Opinion

Not even the Great Pumpkin can be that good all the time

Thursday, October 24, 2013

Perhaps it's the sharp, cool air that has arrived in the last couple of days that's opened my eyes and heightened my senses.

For suddenly I've realized we're in the midst of a full-blown Pumpkin Palooza this fall.

Yep, from weeks before Halloween to sometime after Thanksgiving, it's now pretty much all pumpkin, all the time.

The noble Jack O'Lantern has become a Jack O'All Trades. Pretty sure the Hallmark Channel is about to launch a Pumpkin Movie Marathon. It's 52 Weeks of Pumpkin on the Food Network and ABC Family has "It's the Great Pumpkin, Charlie Brown" on continuous loop.

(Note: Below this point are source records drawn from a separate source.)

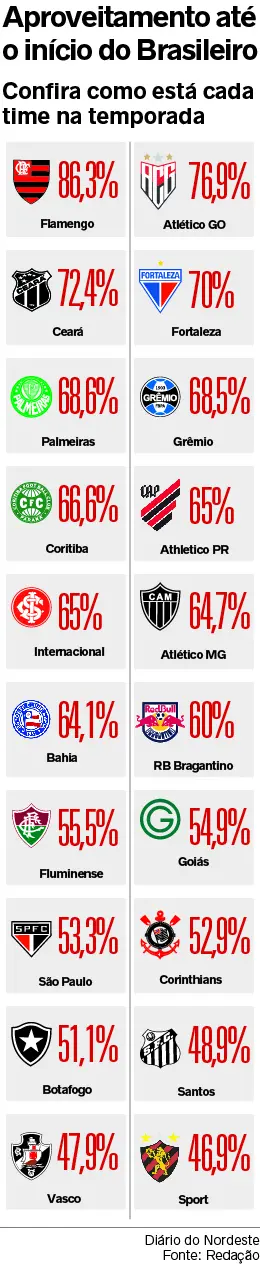 Os demais espaços da tabela são sazonais. Há quem esteja contente com vaga na Copa Sul-Americana, o caso do trio nordestino formado por Bahia, Ceará e Fortaleza. Outros tratam o G-10 como aceitável dentro do projeto, como Corinthians, Santos e RB Bragantino.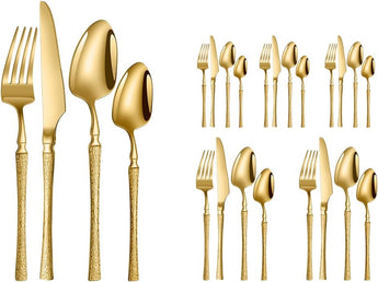 - 🌟 Service complet pour 6 personnes : Comprend 6 couteaux à steak, 6 fourchettes, 6 cuillères à soupe et 6 cuillères à dessert. Parfait pour un usage quotidien ou pour accueillir vos invités avec style.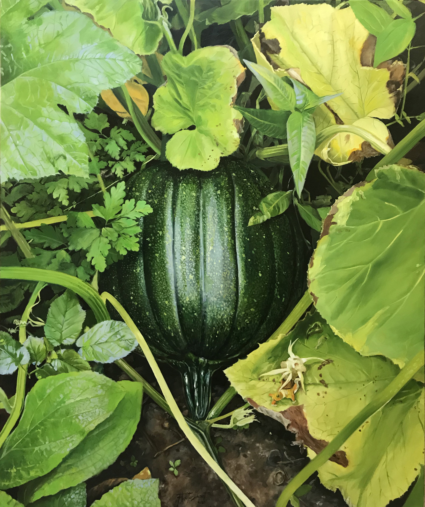 Pompoenen in eigen tuin, olieverf op canvas, 100 x 120 cm.

It's all making me a bit loopy (or loopier if you prefer). I just don't understand the fascination.

After all, it hasn't been that long ago that the most attention a pumpkin could count on was for getting carved up on the kitchen table and deposited on the front porch. There, disguised as Jack O'Lantern, his fate could take one of two courses: Being rudely smashed in the street before Halloween or tossed in the trash thereafter.

Likewise, pumpkin pie was once the only edible idea of note for the plump orange fruit. My grandmother spoiled me for any pie to follow, creating such a tasty pumpkin pie of almost magical consistency and characteristic color that not even her own daughter, my mother, could replicate it. Not even sure dessert wizard Stephanie Hurt could.

My sister always thought it might be granny's strategic use of vanilla. I prefer to believe in magic (or perhaps a dash of rum or a pinch of kahlua).

But seldom have I enjoyed any kind of pumpkin pie since grandma passed away so many years ago. In fact, not many pumpkin creations even pique my interest or tickle my taste buds.

And I can't be alone, judging by all the unwanted canned pumpkin that unceremoniously ends up at the Food Pantry after the holidays each year.

OK, admittedly all pumpkin-flavored creations aren't bad.

Pumpkin roll with the cream cheese wound up in a wheel? Now that can be tasty. And pumpkin bread, found to be quite a Hoosier delicacy, is nothing but yummy. (By the way, one of the ladies here at the office makes a mean pumpkin bread. Hint, hint, June).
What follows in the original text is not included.